Pascal Delwit (ULB): “la loi pandémie ne doit permettre aucune ambiguïté sur l’Etat de droit”
Après l’urgence, la situation actuelle ne justifie plus que le gouvernement s’affranchisse des contraintes juridiques, estime le politologue.
1. Suite à l’ordonnance du tribunal de première instance de Bruxelles qui juge illégales les mesures anti-Covid, le gouvernement va en appel, expliquant que plusieurs décisions précédentes du Conseil d’Etat confortent le fondement de ces mesures. Pensez-vous que le tribunal puisse donner raison à l’Etat sur cette base?
Par hypothèse, oui. C’est un débat contradictoire et le gouvernement peut faire valoir des arguments. Même en première instance, c’était un débat contradictoire entre les avocats de l’Etat et ceux des plaignants, en particulier de la Ligue des droits humains. Néanmoins, même si le Conseil d’Etat a conforté la vision du gouvernement, la question de la légalité des mesures prises dans le cadre du Covid est soulevée depuis longtemps. Le fait qu’une thèse ait été confortée en première instance est par ailleurs un élément important, même si cela ne veut pas dire qu’elle sera ipso facto confortée en appel.
2. Afin de contrecarrer la décision du tribunal qui donne 30 jours au gouvernement pour se mettre en conformité, les travaux s’accélèrent en vue d’adopter la fameuse loi Pandémie. Mais si cette loi ne répond pas à certaines condi- tions précises, ne risque-t-elle pas d’être un texte contestable de plus?
Le fait qu’il y ait des contestations sur le contenu de cette loi n’est en soi pas un problème. C’est la règle de la démocratie. Après, d’un point de vue juridique, ce serait bien que le texte reçoive un avis positif du Conseil d’Etat. Il s’agit simplement d’un avis puisque seule la Cour constitutionnelle peut trancher. Ensuite, je dirais que plus la majorité sera claire et large pour adopter la loi, mieux ce sera.

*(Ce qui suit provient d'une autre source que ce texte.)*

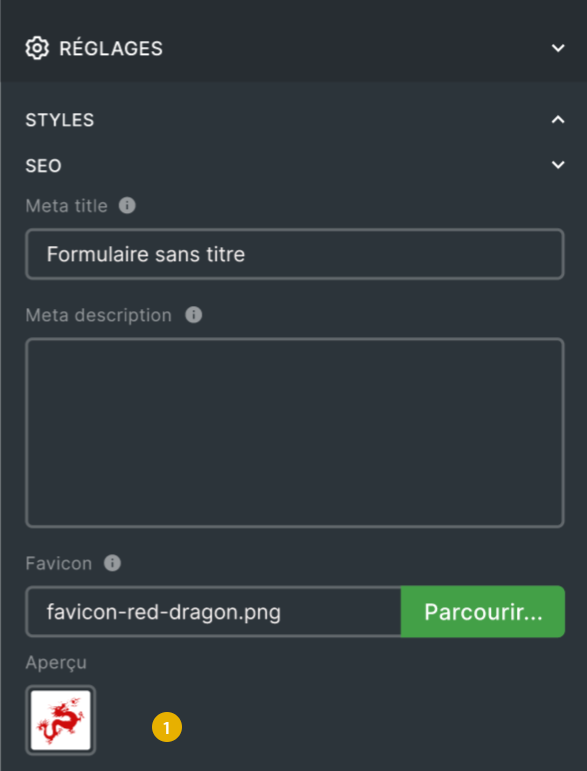 L’éditeur de formulaires (aussi appelé Form Builder) permet dans la section “Réglages” en bas à droite de votre écran d’optimiser votre formulaire pour son référencement naturel.
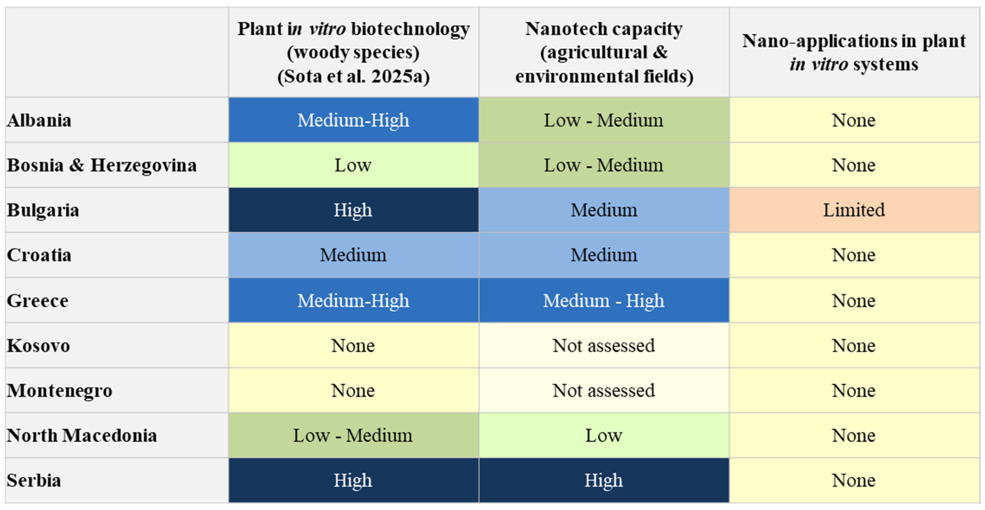 Sota, V.; Jevremović, S.; Abraham, E.; Daničić, V.; Bošnjak, D.; Nacheva, L.; Cvjetković, B.; Andonovski, V.; Bogunović, S.; Kongjika, E.; et al. The Balkan Region and the “Nano Gap”: An Underexplored Dimension of In Vitro Biotechnology for Woody Plants. Plants 2025, 14, 3499. https://doi.org/10.3390/plants14223499
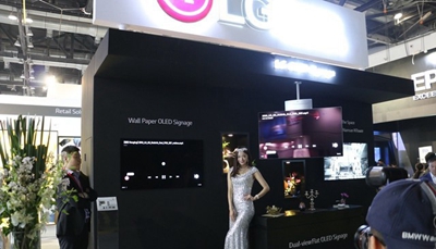 在InfoComm China 2016上LG展示了雙面Oled顯示屏解決方案
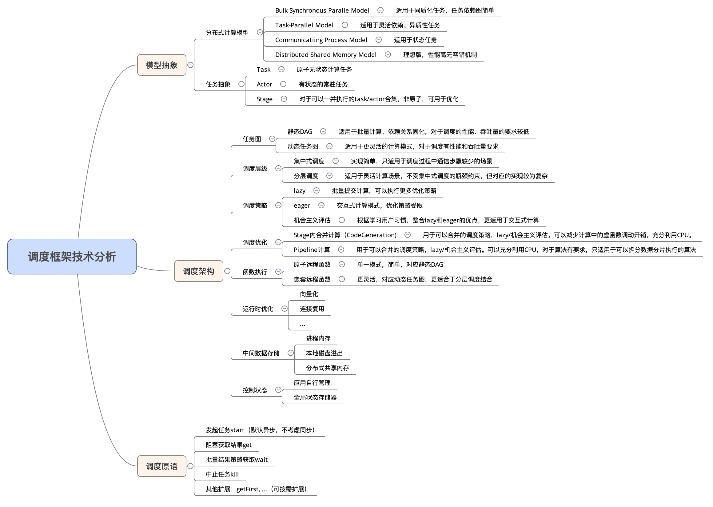 我们对系统设计,特别是调度框架设计的对应技术和适应场景进行了如下的整理,在进行系统设计时需要考虑到需求场景对于系统架构的需求,并对应选择合适的设计与实现。
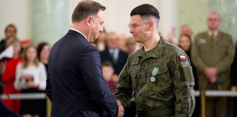 Szeregowy Szymon Duher - żołnierz lubelskiej brygady OT, odebrał w środę, 21 listopada br. z rąk Prezydenta RP Andrzeja Dudy Medal za Ofiarność i Odwagę. Medal stanowi nagrodę dla osób, które z narażeniem życia lub zdrowia ratowały życie ludzkie lub mienie. Szer. Szymon Duher jest pierwszym żołnierzem WOT, który odebrał tak cenne odznaczenie państwowe.
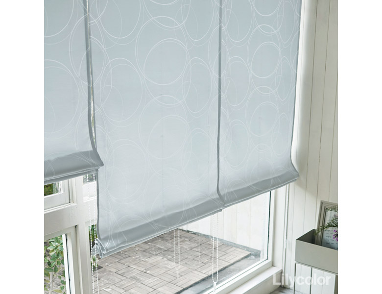 落ち着いた色味のシルバー、爽やかなグルーのサークル柄。ラメ糸の光沢がアクセントです。
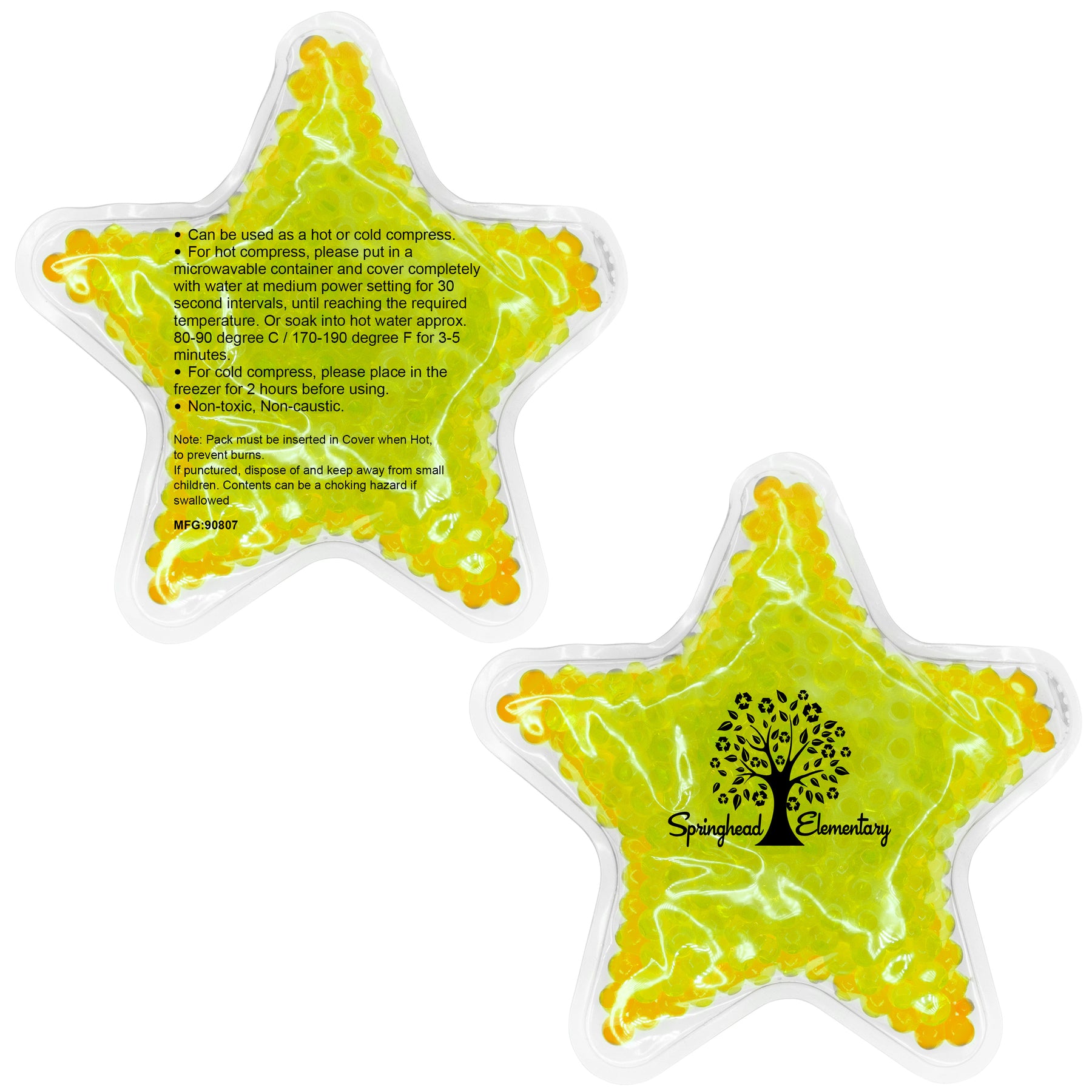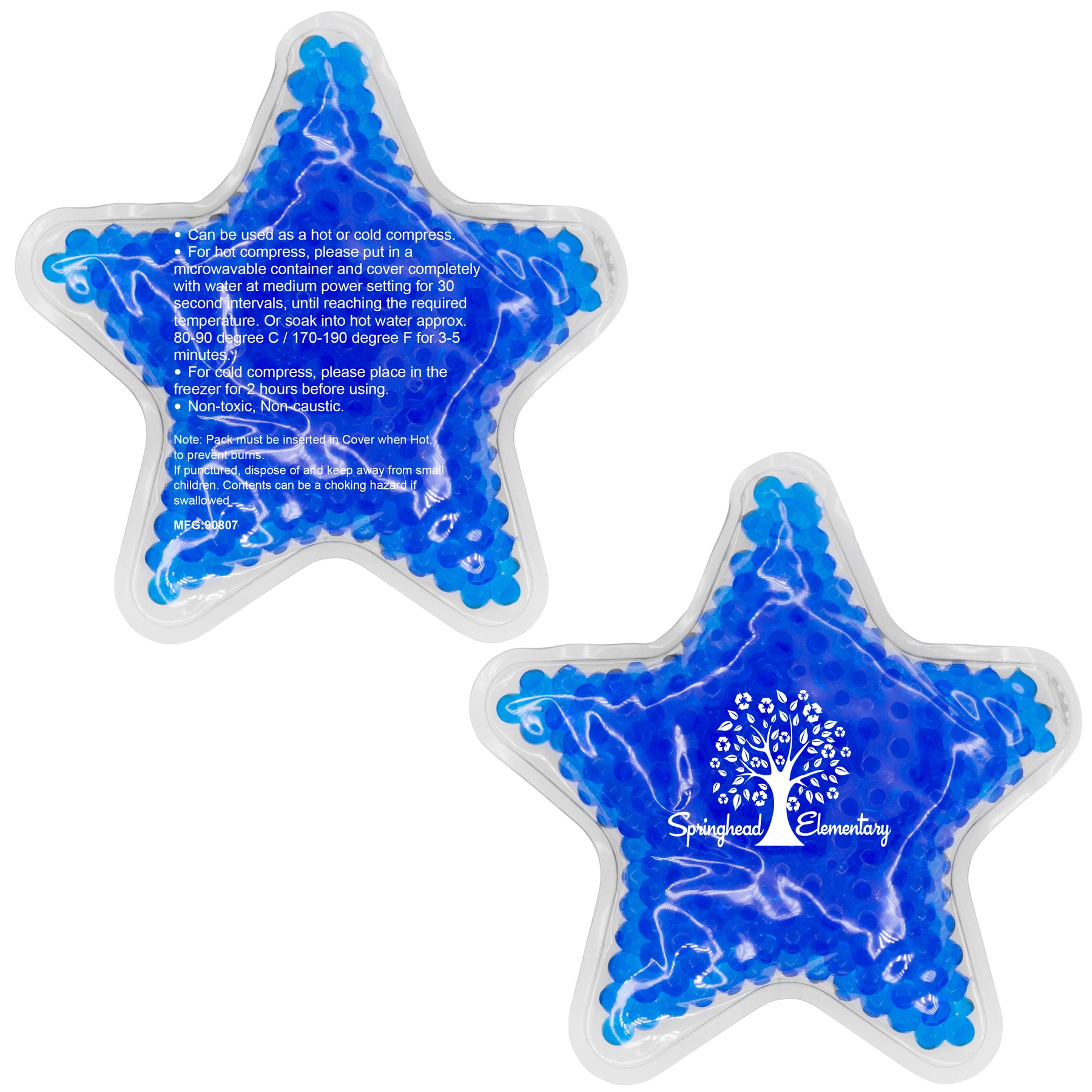 A shining star in any promotion, our star shaped hot cold pack is not only aesthetically pleasing, but also extremely effective. Our packs can be used as both a hot and cold compress and are filled with vibrant color gel beads. Easy to use, this item moves seamlessly from freezer to microwave and can be used again and again. Our TekBeads are filled with a non-toxic, pliable blend of water and glycerine. Instructions for use are printed on the back of each item. Great for Nurse's Offices, workplaces, home, etc.***PLEASE NOTE THAT THE CLEAR PACKS MAY HAVE A YELLOW TINT DUE TO THE TEMPERATURE/CHEMICAL REACTION***.

3. Certains disent que le texte devrait notamment prévoir une consultation préalable de la section législation du Conseil d’Etat pour tout arrêté réglementaire qui serait pris dans le cadre de la lutte contre de la pandémie…
Ce serait indubitablement mieux. Cela me paraît par ailleurs de plus en plus faisable et possible car nous sommes de moins en moins dans l’urgence pour prendre des décisions. Le passage par la section législation du Conseil d’Etat ne serait donc pas un handicap pour lutter contre la pandémie. Après, en faire une condition sine qua non, c’est un débat. En réalité, nous sommes confrontés à une tendance générale des gouvernements à s’affranchir des contraintes juridiques. Mais si l’on veut bien rester dans un Etat de droit digne de ce nom, il faut éviter d’accepter cette voie-là. Plus profonde et claire sera cette loi, mieux ce sera. Il ne faut pas simplement justifier ce qui a été fait par le passé, ce que certains souhaiteraient faire. Il faut poser des balises et faire en sorte qu’il n’y ait pas d’ambiguïté sur l’Etat de droit et sur la constitutionnalité de certaines décisions.